### [Assignment]
Print exactly the lines below between the line containing "Dane telefonu Black" and the line containing "Сборник может быть", counting both of those lines. Leave pictures out.

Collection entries
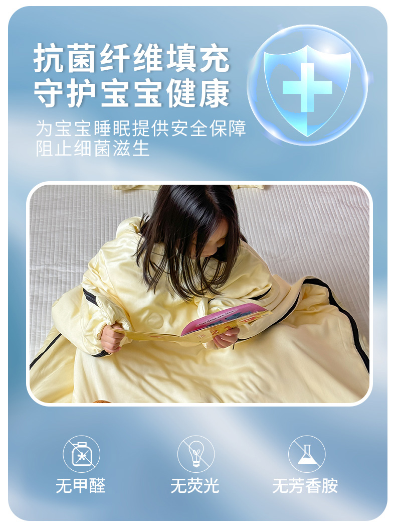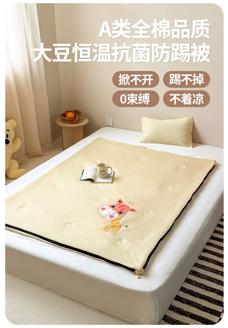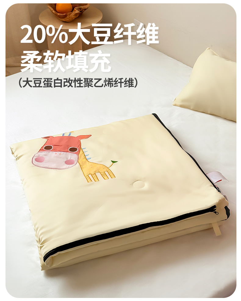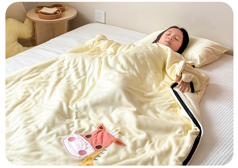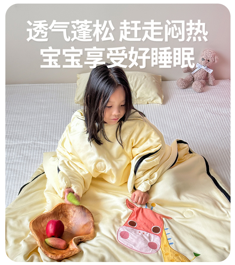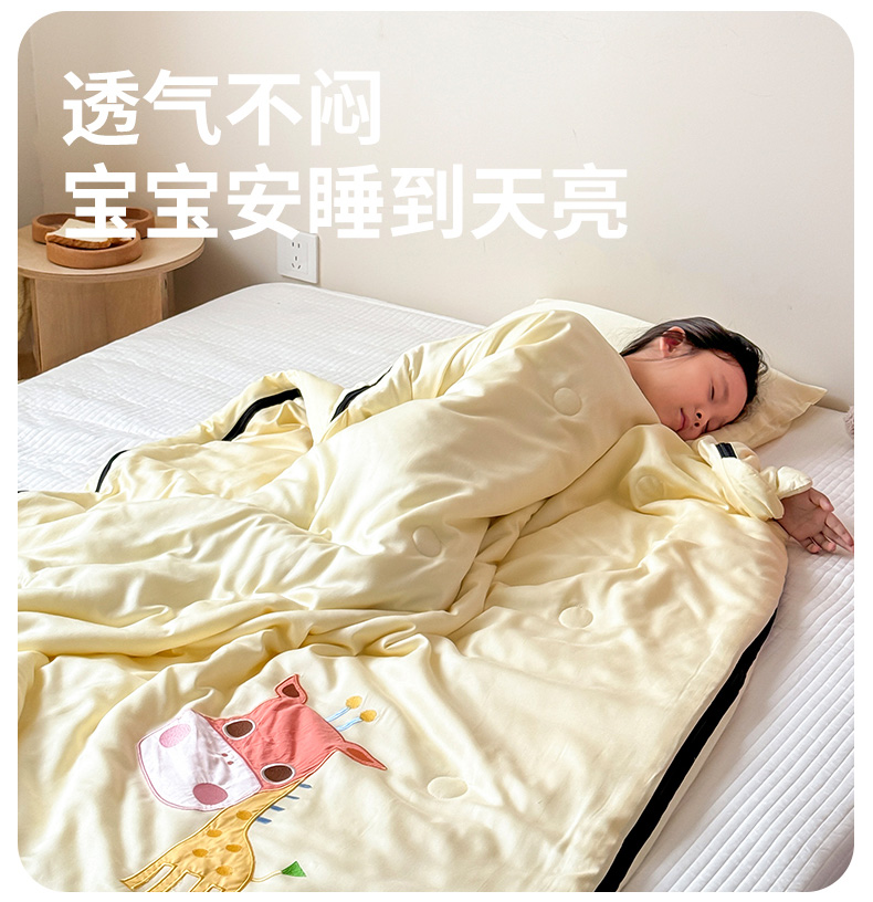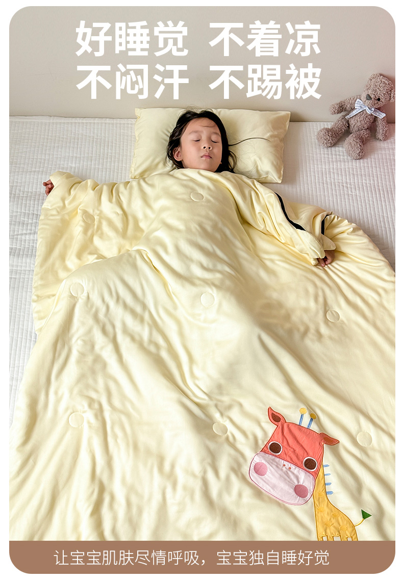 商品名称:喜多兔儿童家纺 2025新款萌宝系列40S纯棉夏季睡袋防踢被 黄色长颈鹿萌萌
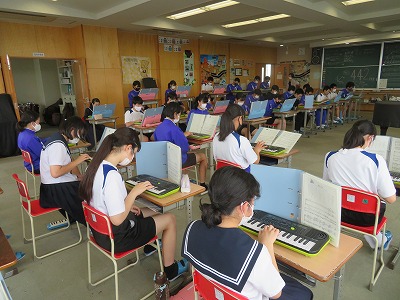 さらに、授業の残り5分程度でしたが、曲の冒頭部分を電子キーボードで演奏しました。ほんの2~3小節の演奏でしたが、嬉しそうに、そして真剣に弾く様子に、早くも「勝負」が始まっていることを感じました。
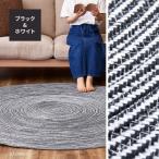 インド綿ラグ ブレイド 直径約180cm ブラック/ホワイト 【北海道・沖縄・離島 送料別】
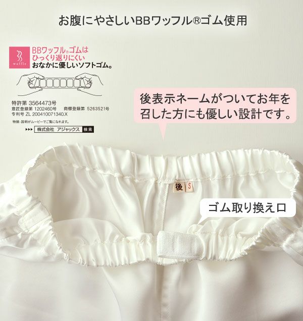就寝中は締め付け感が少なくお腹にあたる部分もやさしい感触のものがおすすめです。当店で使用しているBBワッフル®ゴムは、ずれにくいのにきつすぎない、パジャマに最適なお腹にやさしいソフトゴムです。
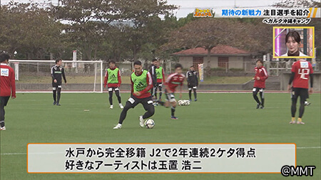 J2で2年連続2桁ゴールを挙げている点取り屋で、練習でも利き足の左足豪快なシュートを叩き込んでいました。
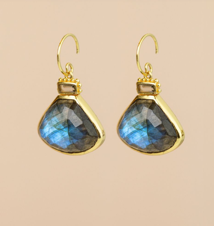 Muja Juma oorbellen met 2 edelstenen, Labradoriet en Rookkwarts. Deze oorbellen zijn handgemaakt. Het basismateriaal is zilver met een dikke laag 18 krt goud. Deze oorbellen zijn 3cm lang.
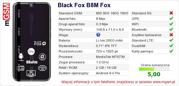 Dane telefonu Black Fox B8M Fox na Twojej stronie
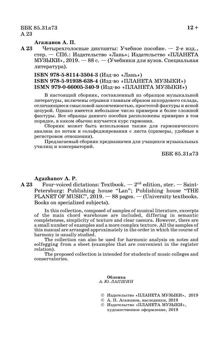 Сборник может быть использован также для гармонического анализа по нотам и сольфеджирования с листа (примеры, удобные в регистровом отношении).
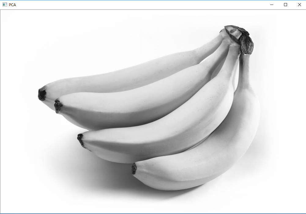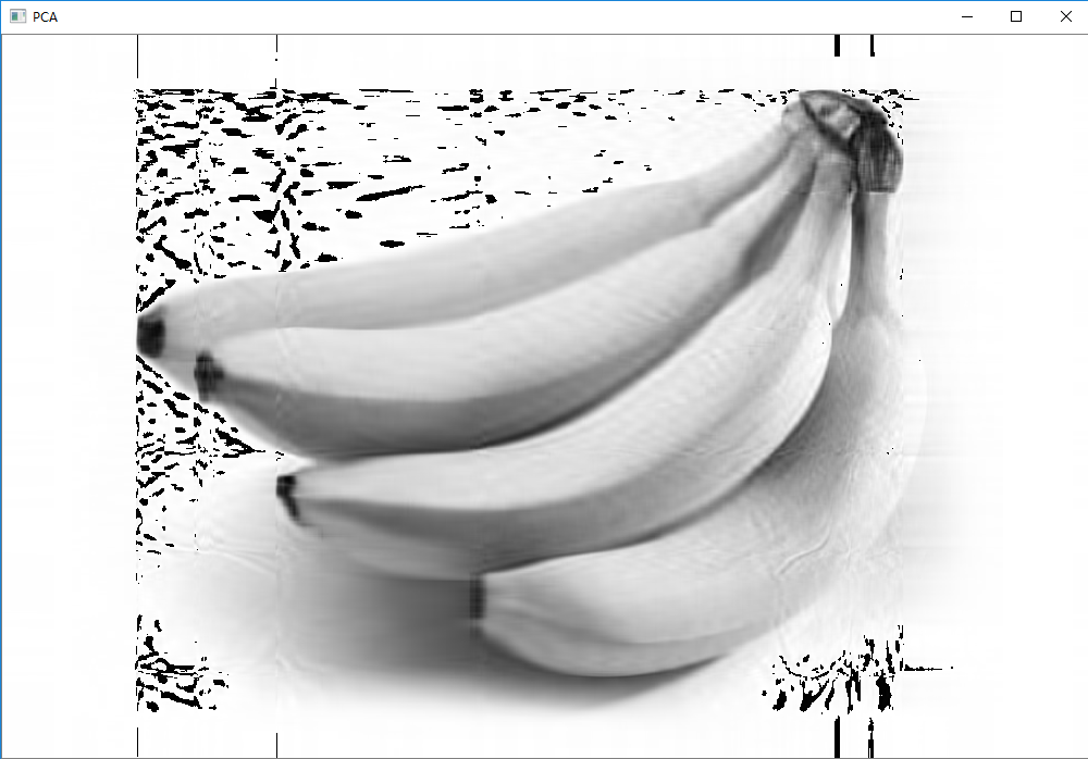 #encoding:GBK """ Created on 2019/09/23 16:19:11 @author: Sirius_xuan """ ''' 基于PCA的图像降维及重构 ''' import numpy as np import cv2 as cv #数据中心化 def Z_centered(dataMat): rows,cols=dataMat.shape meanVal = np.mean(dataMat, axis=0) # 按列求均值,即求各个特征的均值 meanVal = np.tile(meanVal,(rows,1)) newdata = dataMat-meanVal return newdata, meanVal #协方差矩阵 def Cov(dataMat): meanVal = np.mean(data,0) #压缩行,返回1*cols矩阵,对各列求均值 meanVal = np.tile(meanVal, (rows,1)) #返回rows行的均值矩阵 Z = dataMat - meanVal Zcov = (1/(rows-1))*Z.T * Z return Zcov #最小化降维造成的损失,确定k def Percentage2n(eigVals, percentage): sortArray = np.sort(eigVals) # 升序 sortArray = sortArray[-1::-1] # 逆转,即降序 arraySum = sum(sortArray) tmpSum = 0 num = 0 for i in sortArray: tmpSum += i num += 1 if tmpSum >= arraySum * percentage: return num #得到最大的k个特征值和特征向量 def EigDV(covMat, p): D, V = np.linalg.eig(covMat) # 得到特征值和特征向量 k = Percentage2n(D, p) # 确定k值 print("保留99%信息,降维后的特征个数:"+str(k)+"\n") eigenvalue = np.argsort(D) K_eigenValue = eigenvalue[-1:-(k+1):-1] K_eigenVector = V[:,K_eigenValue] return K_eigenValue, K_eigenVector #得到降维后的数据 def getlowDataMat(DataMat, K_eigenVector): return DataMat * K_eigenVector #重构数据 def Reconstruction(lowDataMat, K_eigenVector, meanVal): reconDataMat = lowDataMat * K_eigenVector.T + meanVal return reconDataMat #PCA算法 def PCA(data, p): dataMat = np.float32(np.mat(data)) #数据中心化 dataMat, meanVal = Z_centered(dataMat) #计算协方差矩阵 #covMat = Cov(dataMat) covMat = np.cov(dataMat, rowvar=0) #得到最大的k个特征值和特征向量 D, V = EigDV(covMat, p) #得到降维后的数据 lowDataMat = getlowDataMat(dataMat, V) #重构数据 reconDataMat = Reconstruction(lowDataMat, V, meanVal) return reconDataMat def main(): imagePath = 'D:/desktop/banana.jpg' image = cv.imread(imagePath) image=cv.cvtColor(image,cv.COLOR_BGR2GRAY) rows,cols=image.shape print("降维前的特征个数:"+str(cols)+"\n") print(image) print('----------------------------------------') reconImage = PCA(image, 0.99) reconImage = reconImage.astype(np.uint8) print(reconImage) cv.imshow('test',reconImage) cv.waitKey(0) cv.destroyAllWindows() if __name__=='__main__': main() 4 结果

### [Answer to this problem]
 Dane telefonu Black Fox B8M Fox na Twojej stronie
 Сборник может быть использован также для гармонического анализа по нотам и сольфеджирования с листа (примеры, удобные в регистровом отношении).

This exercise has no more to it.